We keep hearing that the Republican Party is on track to suffer an epic split over the presumed nomination of Donald Trump. But what exactly does this mean? What happens once the 2016 election is over?
On one side are traditional business conservatives, devoted to government-bashing, low taxes, and pro-corporate globalization-coupled with dog-whistle appeals to racism. This establishment has delivered all recent GOP nominees, despite the Tea Party takeover of much of the congressional Republican Party-until this year when the party elite was upended.
Since Reagan, the business right has papered over the cracks in a coalition that used social conservatism to win votes of a suffering working class. Now, Trump has demolished that phony alliance. Over the weekend, Trump made it clear that he was not interested in any deal with House Speaker Paul Ryan and suggested that he might challenge his roles as convention chairman-and Ryan said Monday that he'd respect Trump's wishes.
Trump's brand of right-wing populism is anti-tax but not anti-government, and is occasionally anti-business. In place of government-bashing, Trump substitutes a crude form of political and economic nationalism. He has turned voter wrath against the financial elites in the GOP who have been calling the shots.
But what recourse do traditional conservatives have if they want to trump Trump? For starters, they could just withhold their support, as the Bush family is doing. Or they could withhold money.
The trouble, however, is that this is the year when the usual suspects have been revealed as politically impotent. The Bushes are history. It doesn't matter to most conservative voters that the Bushes aren't backing Trump. If it did matter, Jeb Bush would not have performed so pitifully.
As for the billionaires, some, like Sheldon Adelson, are already sucking up to Trump. There are so many very rich people involved in politics today that Trump is likely to get all the money he needs, even if he's too cheap to dig into his own (somewhat exaggerated) fortune.
Some Republican leaders will even go so far as to vote for Hillary Clinton. And there is also talk of some kind independent conservative Republican insurgency, as a kind of ad hoc third party to divert votes from Trump.
Technically, an independent could still qualify for ballot listing in all states, according to Richard Winger of Ballot Access News. The deadlines are as early as June in some states and as late as September in others. But all require petitions with thousands of signatures, and a campaign would need to get its act together soon.
A traditional conservative might also try to run with the Libertarian Party, as a way of getting on the ballot. However, former New Mexico Republican governor Gary Johnson-a genuine libertarian-already has that ballot spot and would be difficult if not impossible to dislodge in favor of an orthodox conservative.
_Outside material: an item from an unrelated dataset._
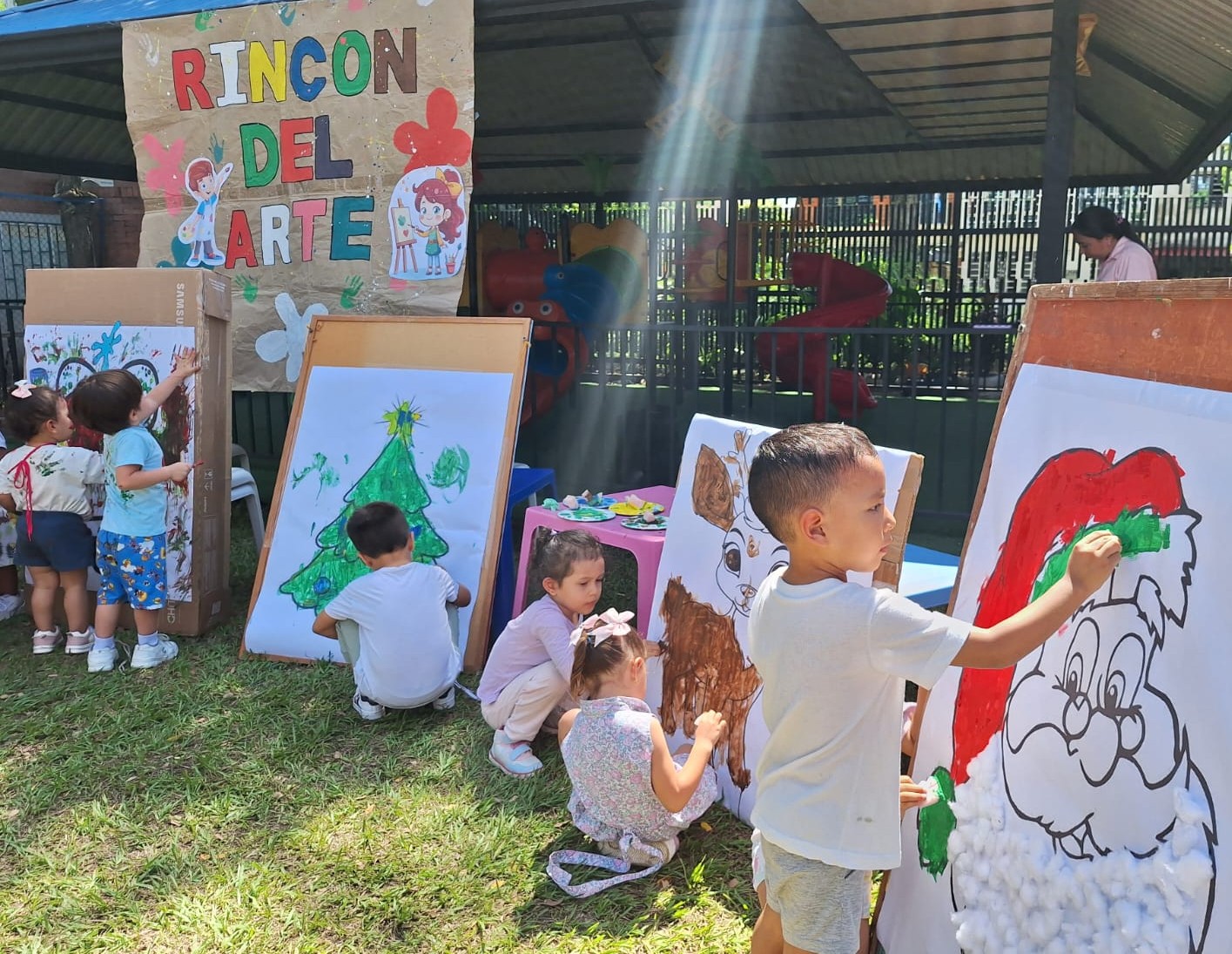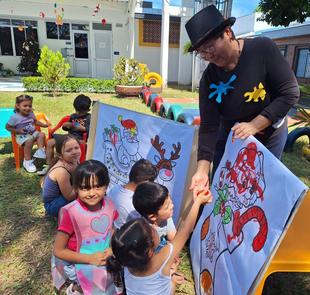 Esta iniciativa estuvo orientada al fortalecimiento de las habilidades creativas y expresivas de los niños y niñas, garantizando prácticas pedagógicas pertinentes que favorecen su desarrollo integral. Como acto de cierre, se realizó una actividad pedagógica al aire libre consistente en una muestra artística de pintura, donde los participantes evidenciaron distintas técnicas pictóricas aprendidas a lo largo del año.

The Libertarian Party convention meets in just three weeks, over Memorial Day weekend. Its delegates tend to be purists; they are libertarians because they reject the traditional GOP. They are not about to help the Republican elite out of a jam.
As part of his libertarian creed, Johnson not only supports legalization of marijuana-he's a pot entrepreneur and former CEO of a startup called Cannabis Sativa. Smoke that, Karl Rove!
This leaves the rather pathetic alternative of a write-in campaign.
That would divert a few votes from Trump-maybe a few million votes-and increase the likelihood of a Clinton win.
But this may be just what lot of Republican leaders want. A write-in effort will allow them to help Hillary without having to endorse her. Then, when Trump goes down in flames, they (and not he) can pick up the pieces of their party.
Just as the GOP in Congress relentlessly blocked Obama at every turn, they will try to make Clinton look like a failed president. And just as the Republicans gained large numbers of seats in both houses two years into Obama's first term in 2010, the Republicans can hope for big pickups in 2018, setting them up to take back the White House in 2020.
Unfortunately for the Democrats, fully 22 Democratic Senate seats are in play in 2018, many of them in usually red states, such as Indiana, Missouri, North Dakota, and West Virginia. So even if Democrats take back the Senate in 2016, they could well lose it two years later.
So my bet is that there will be no coming together between the Republican establishment and Trump, and that efforts by Republican leaders to block Trump's election to the presidency will only intensify.
However, the story does not end there. Even if Hillary Clinton is the next president, the emergence of Trump (and Sanders) in 2016 reflects vast unease and legitimate pocketbook grievances in America. There is no sign of that abating.
The scale of change it will take to restore the economic prospects of the young and the working class makes Bernie Sanders's proposals look puny. If Clinton fails to make real progress-whether due to Republican blockage or the limits of her own imagination-the anger will only fester and grow.
Trump may well be blocked in 2016, but we haven't seen the last of Trumpism.